Partout, on retrouve les mêmes mécanismes : le ressentiment, la jalousie, la haine sociale, le désir de domination, la victimisation permanente et, presque toujours, la désignation d’un ennemi supposé responsable de tous les malheurs. Mais dans l’Europe contemporaine, l’islamisme fournit à ces passions un langage, une justification et une promesse.

Nouvelle France

L’immigration massive a favorisé la constitution de territoires où d’autres normes, d’autres autorités et parfois d’autres fidélités concurrencent celles de la nation. Les caïds, les trafiquants et les prédicateurs y exercent souvent davantage d’influence que les représentants de l’État. Les différences de genre, de génération, de couleurs de peau ne sont pas le problème. Le problème est la violence. Le problème est le refus des règles communes.
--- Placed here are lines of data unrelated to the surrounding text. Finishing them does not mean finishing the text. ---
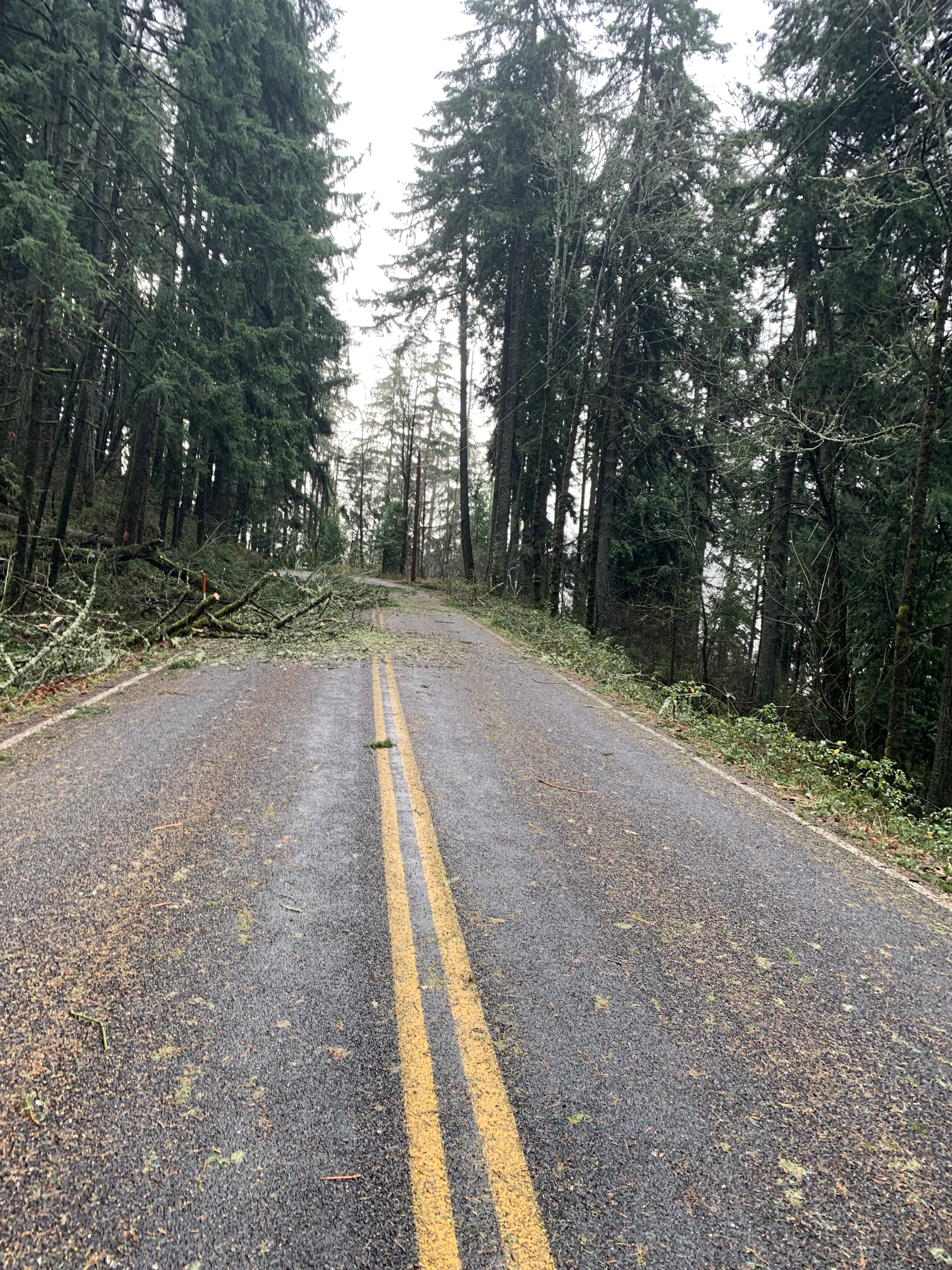 There were other before and after moments: puddle size before and after drainage work, the amount of water in the drains. Last weekend, when I scouted the trail, as I drove out from Lowell, the road was blocked with branches and small trees at mp 3.5. I joined two others to open up a lane, and we all went on. Today, the spot just had scattered green. After I left the upper trail, on my way back to the North Shore, there was now a tree angled over the road that I could fortunately drive under, not there earlier. It reminded me that a few years back, Jim drove past lower Fall Creek Road about ten minutes before a rock slide covered it.
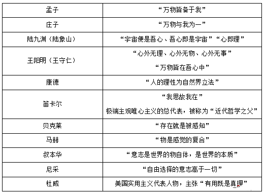 在我們事業(yè)單位考試中,常常會涉及一類題目,給出一些哲學家的觀點,讓我們判斷該觀點屬于主觀唯心主義還是客觀唯心主義,有的時候無從下手。因此,在這里對兩種唯心論代表進行歸納總結,為做好這一類哲學題目錦上添花。
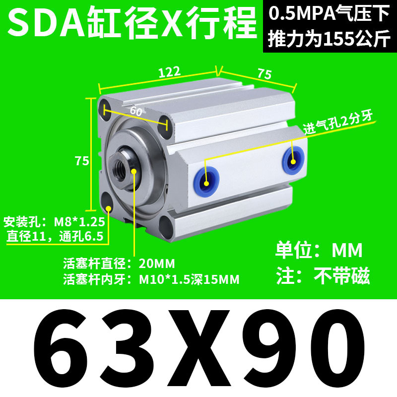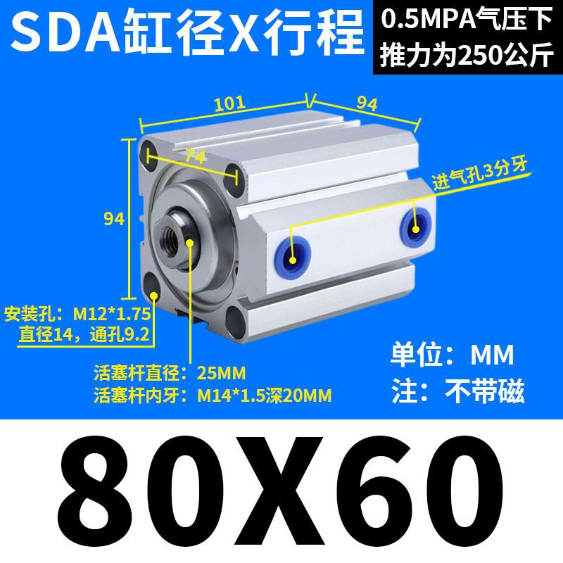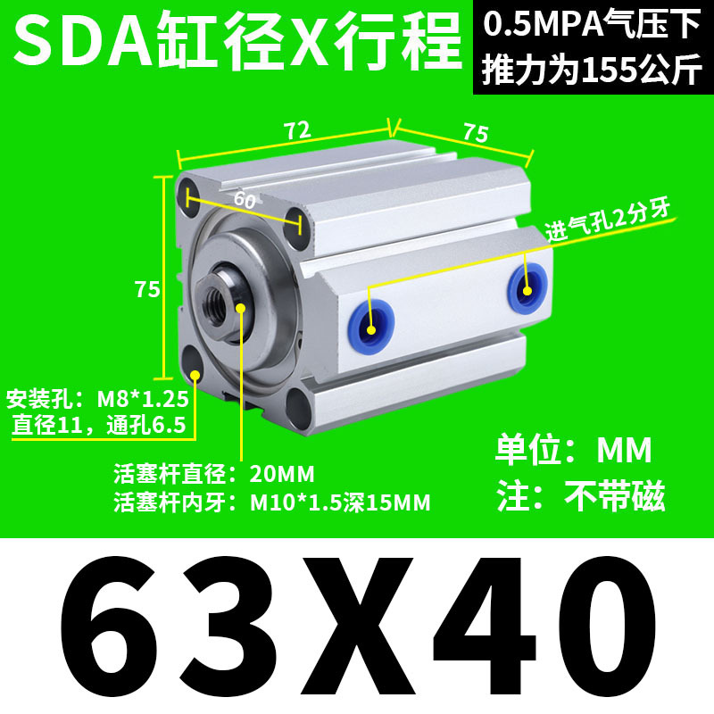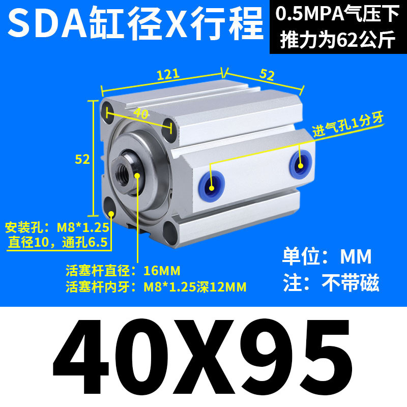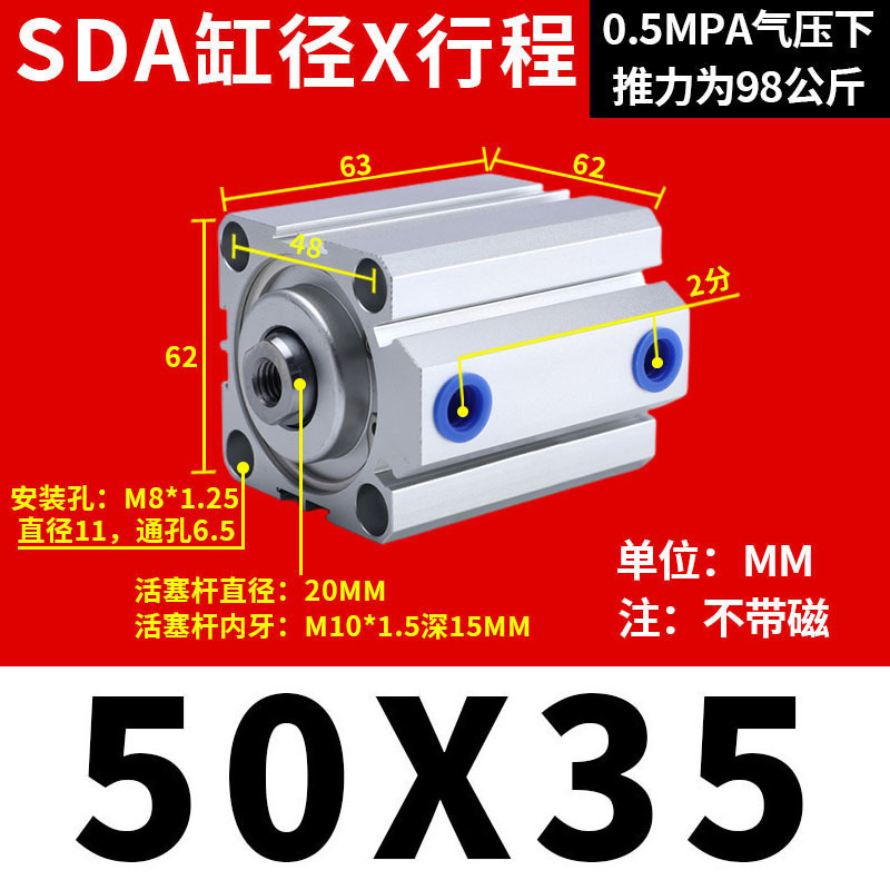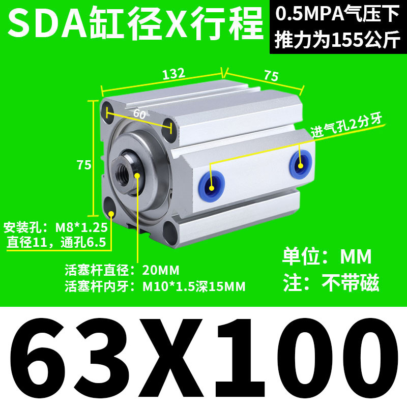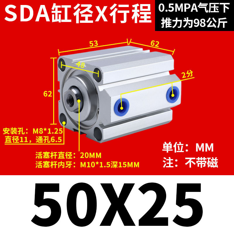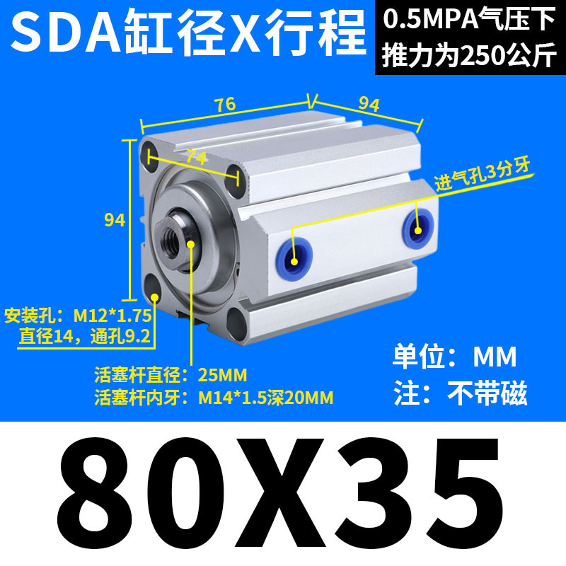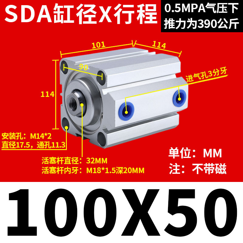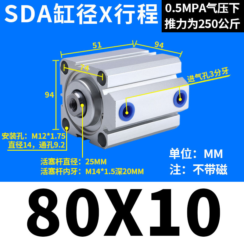 SDA32 작은 공압 120/16/25 얇은 30 실린더 50/63/80X40*10*60X70X90X100

Le problème est l’apparition d’individus ou de groupes qui ne souhaitent pas réellement participer à la société mais la transformer en champ de bataille symbolique où se règlent des comptes historiques, sociaux ou identitaires.

Les prochaines échéances électorales tourneront largement autour de cette question. Car les classes populaires, françaises de toutes origines, vivent quotidiennement les conséquences de cette évolution. Elles n’ont pas la possibilité de s’en abstraire. Les élites, elles, demeurent largement protégées. Elles vivent dans des quartiers préservés, fréquentent des établissements sélectifs et disposent des ressources nécessaires pour échapper aux réalités qu’elles analysent ensuite à distance.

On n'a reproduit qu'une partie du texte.